◆ **Brief**
Set down, please, exactly the lines below that run from the line with "Einer der letzten" to the line with "- There will", both lines included.

◆ **Provided entries**
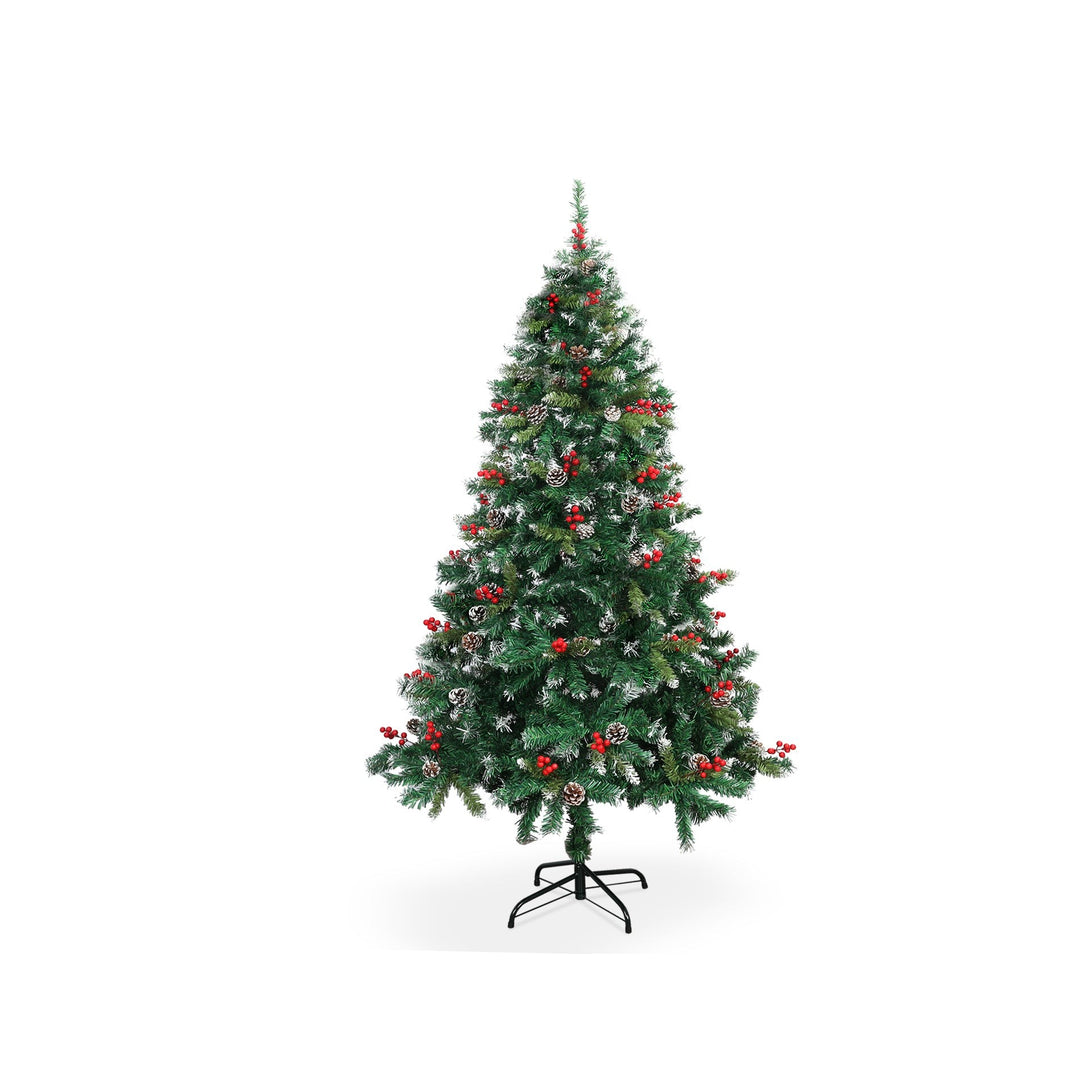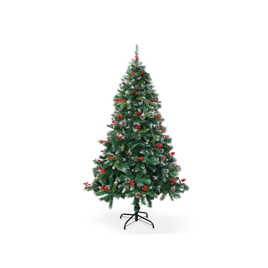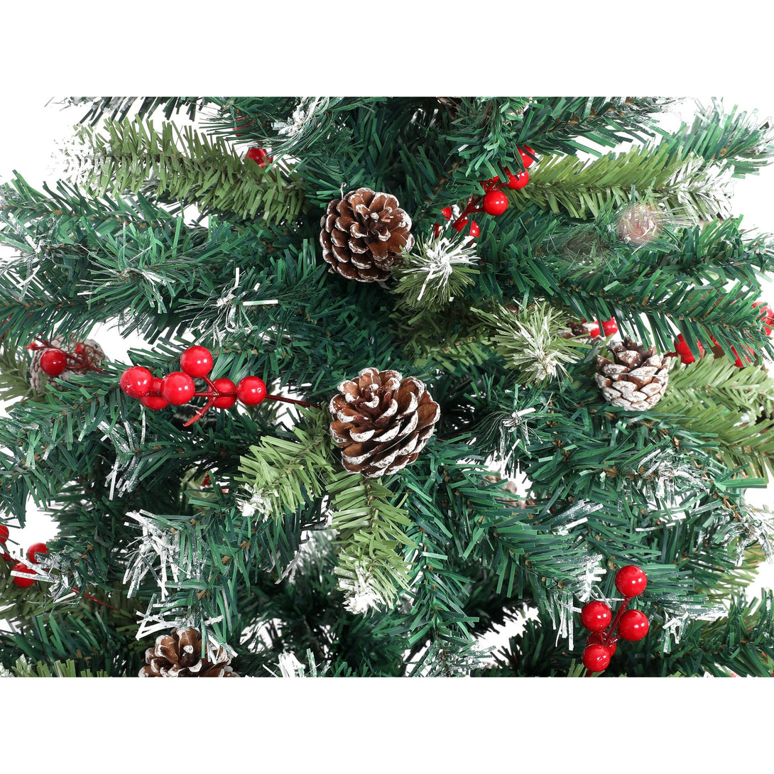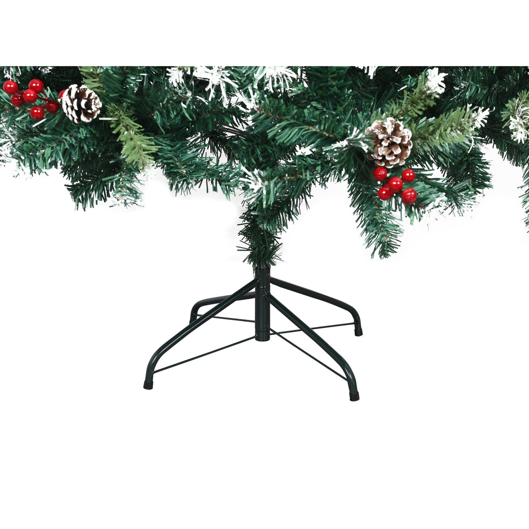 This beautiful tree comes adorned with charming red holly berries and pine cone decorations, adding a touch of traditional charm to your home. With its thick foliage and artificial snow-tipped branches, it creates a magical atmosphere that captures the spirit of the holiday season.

---

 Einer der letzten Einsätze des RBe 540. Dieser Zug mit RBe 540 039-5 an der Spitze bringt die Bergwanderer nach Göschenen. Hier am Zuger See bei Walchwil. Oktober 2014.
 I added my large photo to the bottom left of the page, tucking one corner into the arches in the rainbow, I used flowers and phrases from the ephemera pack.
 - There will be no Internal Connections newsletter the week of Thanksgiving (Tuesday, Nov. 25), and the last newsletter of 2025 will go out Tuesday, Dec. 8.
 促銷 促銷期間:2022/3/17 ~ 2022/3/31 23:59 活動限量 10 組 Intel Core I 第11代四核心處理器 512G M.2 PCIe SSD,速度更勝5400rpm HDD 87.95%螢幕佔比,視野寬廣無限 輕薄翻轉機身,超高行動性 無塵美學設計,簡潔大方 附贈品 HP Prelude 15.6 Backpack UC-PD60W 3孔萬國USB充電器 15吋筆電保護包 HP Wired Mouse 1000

--

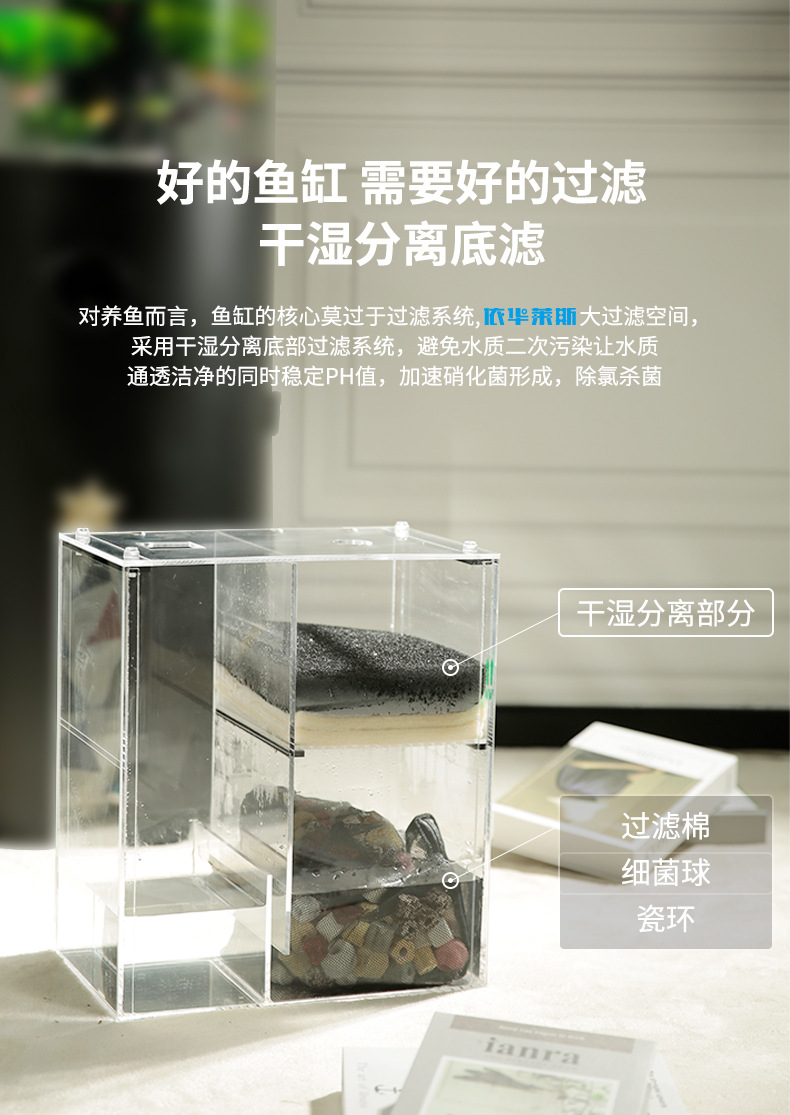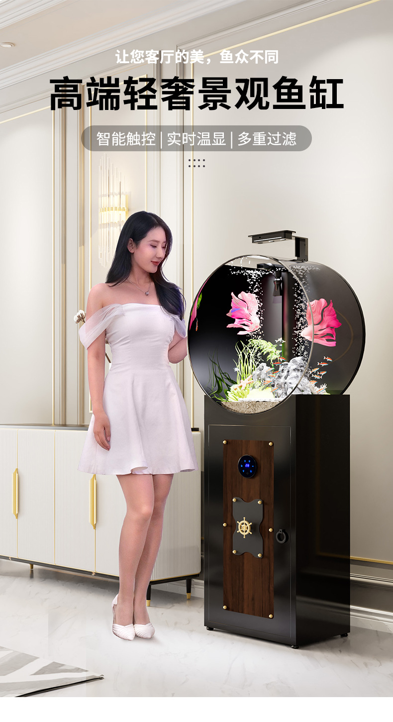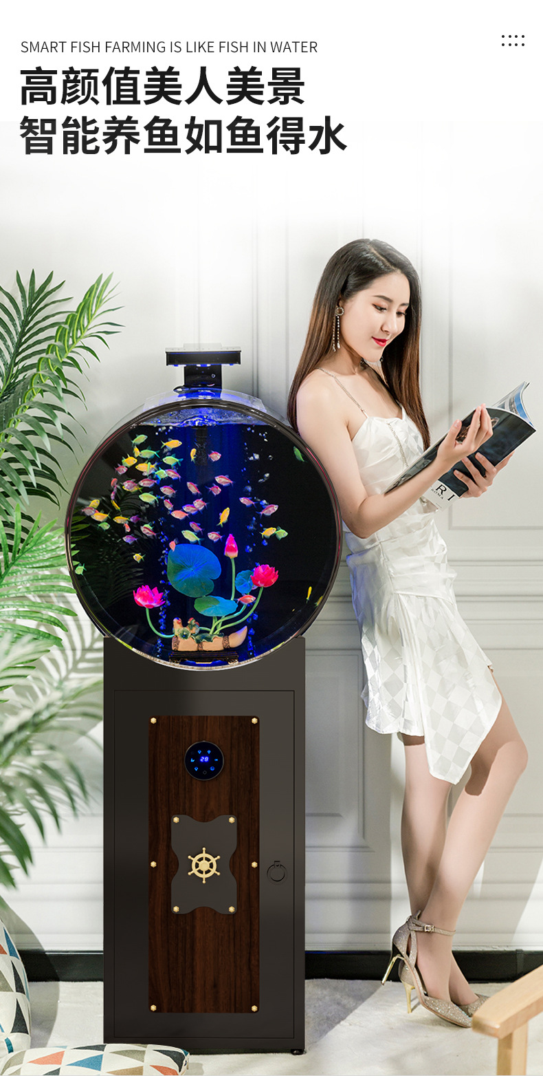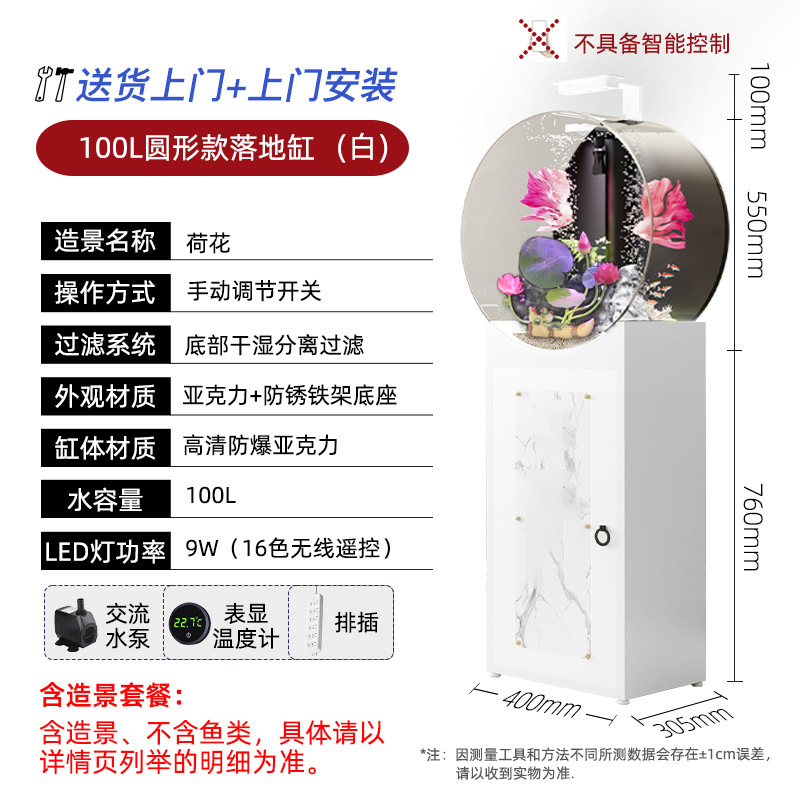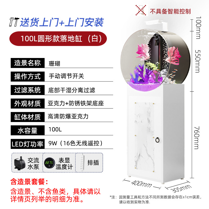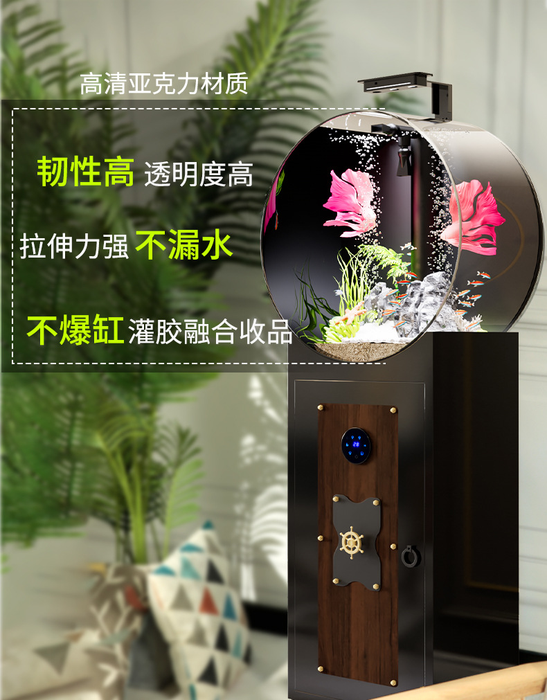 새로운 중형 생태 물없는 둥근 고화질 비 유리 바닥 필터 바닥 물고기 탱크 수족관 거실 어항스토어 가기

◆ **The completed task**
 Einer der letzten Einsätze des RBe 540. Dieser Zug mit RBe 540 039-5 an der Spitze bringt die Bergwanderer nach Göschenen. Hier am Zuger See bei Walchwil. Oktober 2014.
 I added my large photo to the bottom left of the page, tucking one corner into the arches in the rainbow, I used flowers and phrases from the ephemera pack.
 - There will be no Internal Connections newsletter the week of Thanksgiving (Tuesday, Nov. 25), and the last newsletter of 2025 will go out Tuesday, Dec. 8.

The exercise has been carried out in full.